● **Assignment**
The material below holds pictures; leave them out and reproduce exactly the lines from the one with "advanced, circuitry, futuristic, red, blue, neon" through the one with "ZenGreens® - EKO", inclusive.

● **Dataset extract**
******************************
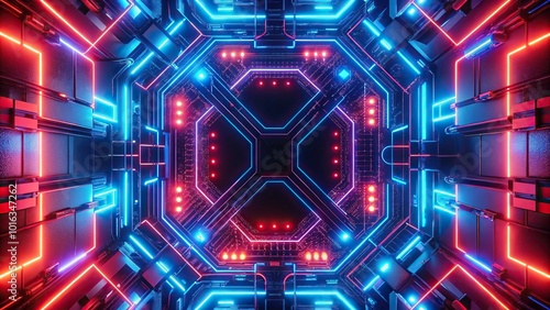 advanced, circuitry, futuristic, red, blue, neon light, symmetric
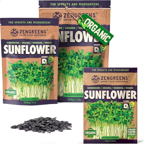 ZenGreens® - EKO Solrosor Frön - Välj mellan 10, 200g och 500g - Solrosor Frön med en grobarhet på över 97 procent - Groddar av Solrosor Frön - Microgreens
******************************
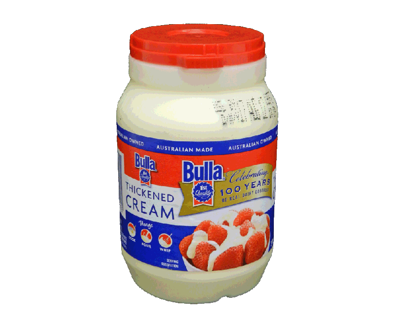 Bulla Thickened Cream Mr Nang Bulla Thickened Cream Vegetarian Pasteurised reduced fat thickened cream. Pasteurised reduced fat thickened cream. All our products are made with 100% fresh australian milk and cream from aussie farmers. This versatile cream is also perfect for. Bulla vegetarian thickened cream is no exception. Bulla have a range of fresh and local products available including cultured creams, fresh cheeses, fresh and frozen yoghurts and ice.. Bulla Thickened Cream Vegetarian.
******************************
● **Answer**
 advanced, circuitry, futuristic, red, blue, neon light, symmetric
 ZenGreens® - EKO Solrosor Frön - Välj mellan 10, 200g och 500g - Solrosor Frön med en grobarhet på över 97 procent - Groddar av Solrosor Frön - Microgreens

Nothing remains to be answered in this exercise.